EE worker suffering PTSD after dad's sudden death told 'get a grip' by boss
An EE worker left with PTSD after trying to save her father’s life was told to ‘get a grip’ by her manager.
Bethan Oakley, 31, was battling mental health problems following her brave attempts to give her dad CPR after he collapsed in front of her.
The science graduate kept attending her EE call centre job despite being haunted by ‘visions of her father dying’ and ‘crying all the way to work’.
But team leader Gareth Roberts, who knew about her condition, caused her to have a panic attack after a confrontation when she returned to her desk late having been supporting another colleague.
Now an employment tribunal has ruled Ms Oakley was forced out of her job and that EE discriminated against her on the grounds of her disability.
The hearing heard how Ms Oakley, a customer advisor at the company’s call centre in Merthyr Tydfil, South Wales had been open about her mental health problems with new boss Mr Roberts.

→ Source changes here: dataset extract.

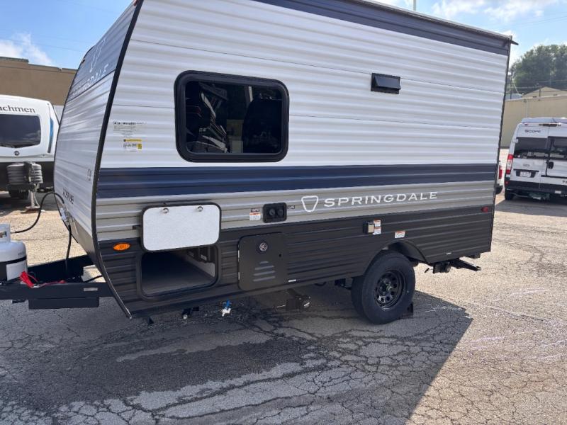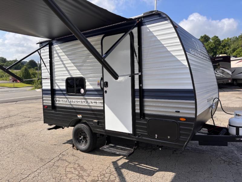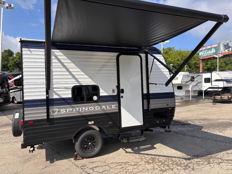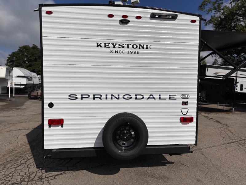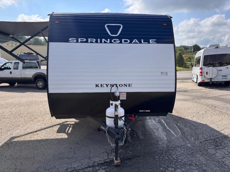 With any Springdale Mini travel trailer by Keystone, you will enjoy lightweight towing thanks to their single-axle! The AlphaPly TPO roof membrane is ultra durable, and the power awning will provide protection from the sun as you relax in your camp chairs outside. Each model includes blackout night shades, LED lighting, plus many more interior comforts. There is also a roof A/C and 20K BTU furnace to keep you comfortable, plus a tankless water heater for endless hot showers!

In late September 2019, Ms Oakley was supporting another colleague suffering from anxiety in a sickness meeting with Mr Roberts which lasted two hours.
Ms Oakley took the time to comfort her colleague who had been left ‘crying and unable to form any coherent sentences’ after fielding questions of a ‘highly personal and sensitive nature’.
She returned to her desk shortly after with hot food but was told to ‘leave the floor’ by Mr Roberts and eat elsewhere.
Five minutes later, he challenged her on why she had been late back to her desk and became ‘aggressive’ towards her, telling her she was ‘not doing her job’ and to ‘get a grip’.
As she cleared her food away, he said ‘come on then you’re late… hurry up’ in a tone the tribunal found ‘clearly caused [her] to become upset’.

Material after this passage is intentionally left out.